“I think I made it clear to your publishers I don’t like books like this. I don’t like family tell-all books, especially when it comes to families with fame and power,” McCain told Trump’s niece in a Thursday interview on ‘The View.’

She added she does not end up believing most what is written in books written by disgruntled family members because they are too “one-sided.”

“What do you say to people like me, who think this is just a great way for you to get paycheck right now?” McCain asked.

“If I had wanted some measure of revenge, if I had wanted to cash in, as you say, I would have done this ten years ago when Donald was still a very public figure,” Trump replied. 

Despite the book selling over one million copies in its first week of release, Trump also claimed she would have preferred not to publish it at all.

McCain also questioned Mary Trump’s credibility and suggested she may not be as close to the president’s immediate family as she claims to be, pointing to the lack of stories in the book about Trump’s children. Mary Trump countered that families are “complicated” and suggested McCain was trying to distract from her accusations against the president.

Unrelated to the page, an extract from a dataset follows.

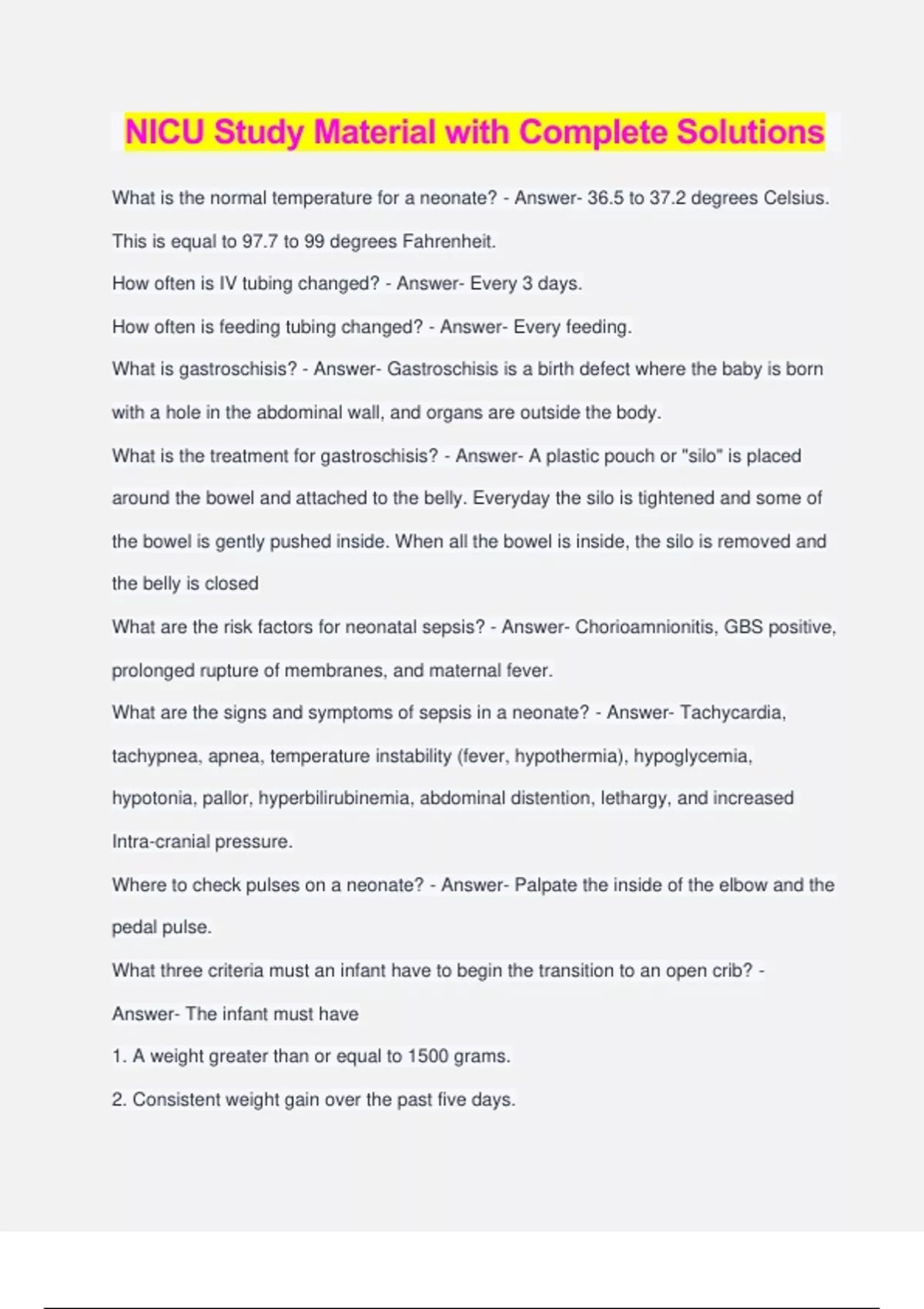 NICU Study Material with Complete Solutions What is the normal temperature for a neonate? - Answer- 36.5 to 37.2 degrees Celsius. This is equal to 97.7 to 99 degrees Fahrenheit. How often is IV tubing changed? - Answer- Every 3 days. How often is feeding tubing changed? - Answer- Every feeding. What is gastroschisis? - Answer- Gastroschisis is a birth defect where the baby is born with a hole in the abdominal wall, and organs are outside the body. What is the treatment for gastroschisis? - Answer- A plastic pouch or "silo" is placed around the bowel and attached to the belly. Everyday the silo is tightened and some of the bowel is gently pushed inside. When all the bowel is inside, the silo is removed and the belly is closed What are the risk factors for neonatal sepsis? - Answer- Chorioamnionitis, GBS positive, prolonged rupture of membranes, and maternal fever. What are the signs and symptoms of sepsis in a neonate? - Answer- Tachycardia, tachypnea, apnea, temperature instability (fever, hypothermia), hypoglycemia, hypotonia, pallor, hyperbilirubinemia, abdominal distention, lethargy, and increased Intra-cranial pressure. Where to check pulses on a neonate? - Answer- Palpate the inside of the elbow and the pedal pulse. What three criteria must an infant have to begin the transition to an open crib? - Answer- The infant must have 1. A weight greater than or equal to 1500 grams. 2. Consistent weight gain over the past five days. 3. Be an otherwise stable baby who is tolerating enteral feeds. When starting a crib wean, what temperature should we start the NTE on? - Answer- Start with the temperature the infant is requiring on ISC. What is a baby allowed to wear during the crib weaning process? - Answer- Diaper, onesie, sleeper, hat, and 1 blanket. That's all. What temperature must the baby have to be weaned down by 0.5 degrees celcius? - Answer- Temps greater than or equal to 36.7 degrees celcius will allow the baby to decrease the NTE by 0.5 degrees celcius during each care time. What is the low cutoff temperature for crib weaning, and what do we do when the baby has this temp? - Answer- 36.5 is the cutoff temp. Anything lower, and we need to turn up the NTE by 0.5 degrees. If the next consecutive temperature is below 36.5, switch back to ISC. What is the lowest NTE level, and what happens when the baby reaches it? - Answer- The lowest NTE level is 26 degrees. They must hold at 26 degrees NTE for 24 hours and demonstrate good axilllary temps and weight gain. After 24 hours, the baby can be put in the crib

Many of President Trump’s critics on social media predictably did not take too kindly to the conservative McCain’s questioning of the author’s motives — and blasted her for daring to question the legitimacy of the book, casting Mary Trump as a hero for batting away McCain’s criticisms.

Among the allegations in the book is that the president paid someone to take the SAT test for him and that he has used racist and anti-semitic language in the past. 

Mary Trump has been making the rounds on mainstream media in recent days, but has rarely been pressed for details or proof of her stories — and has seemingly been used to confirm mainstream assumptions held by the president’s critics.

On a recent episode of the Rachel Maddow show on MSNBC, Trump was asked if she had ever heard the president use the N-word or antisemitic slurs. She said that “yes,” she had heard him use both and said such comments were commonplace in her family.

Conservatives have unsurprisingly been more skeptical of Mary Trump’s accusations and her motivation in publishing the tell-all book just months before the presidential election.

The White House has dismissed the book as full of “falsehoods” and denied the president has ever used prejudicial slurs.